The Latest: Linden back defending Boston Marathon title
BOSTON (AP) - The Latest on the Boston Marathon (all times local):
Defending champion Des Linden is back on the course at the Boston Marathon.
Linden was the first American woman to win the race since 1985 when she crossed the finish line first last year. She ran through an icy rain and near-gale headwinds to break the slump.
It's another wet day on Monday, but much better than last year. Overnight thunderstorms had stopped by the start of the women's race. It was 61 degrees, with calm wins and overcast skies.
The wheelchair race is off at the Boston Marathon.
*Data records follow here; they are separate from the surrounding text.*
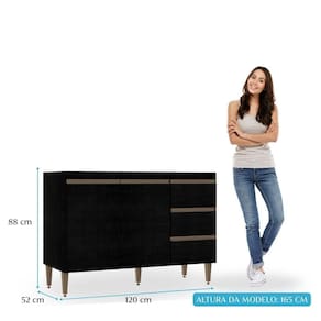 A cozinha preta é uma tendência e foi arquitetada para facilitar a sua rotina diária mantendo seu ambiente organizado e aconchegante. Possui três gavetas e duas portas com prateleira interna. A elegância fica por conta dos puxadores em perfil e os pés na cor bronze dando um toque único de sofisticação. A Cozinha Milão é produzida com materiais de excelente qualidade, garantindo a durabilidade e vida útil. O melhor em móveis no design atual aliando conforto, qualidade e ótimos preços, só na Menu Móveis!
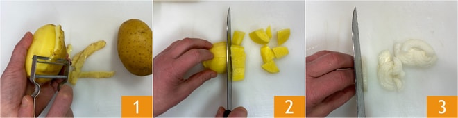 Um den Kabeljau im Eintopf zuzubereiten, schälen Sie zuerst die Kartoffeln 1 und schneiden Sie sie in Würfel von etwa 3 cm 2. Schälen und schneiden Sie die Zwiebel fein 3.
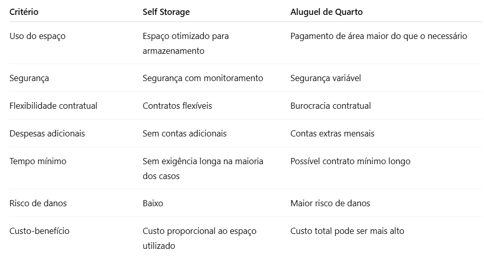 Comparação direta: self storage vs aluguel de quarto
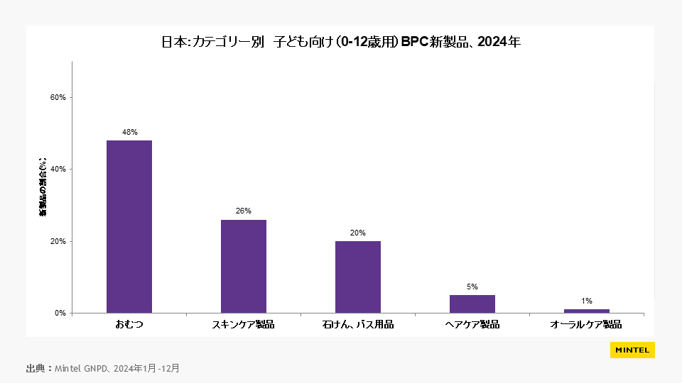 ミンテル世界新商品データベース(Mintel GNPD)に登録されたデータを見ると、日本では「子ども用」と銘打ったケア新製品の割合は少なく、子ども用BPCカテゴリー新製品のほぼ半数が「おむつ」となっています。

First the men, then the women left Hopkinton on their way to Boston's Back Bay, 26.2 miles away. Heavy rain and thunderstorms overnight had settled down, but it was still expected to be a wet and windy day.
More than 30,000 runners were expected to make their way along the course in the 123rd edition of the race. Among them is Des Linden, who last year became the first American woman to win the race since 1985. Yuki Kawauchi is the men's defending champion.
This year's event falls on the sixth anniversary of the 2013 bombing that killed three people and maimed hundreds more. Boston officials were planning a moment of silence at 2:49 p.m., the time of the first explosion.
Runners are trying to stay dry as they await the start of the 2019 Boston Marathon.
The 123nd running of the world's oldest and most prestigious annual marathon got a wet start. But it's not as cold as expected, with temperatures in the 60s as runners arrived instead of the 30s that were initially forecast.
Monday is the sixth anniversary of the deadly Boston Marathon bombings. It's the first time the anniversary date falls on the same day as the marathon.
Runners are gathering underneath large tents set up outside of a high school in Hopkinton, Massachusetts.
Defending champions Des Linden and Yuki Kawauchi have said they're not bothered by the forecast for a rainy, windy day because they won last year in similar conditions. They lead a field of about 30,000 runners on the 26.2-mile (42-kilometer) trek from Hopkinton to Copley Square.
The mobility impaired division is scheduled to begin at 9:02 a.m.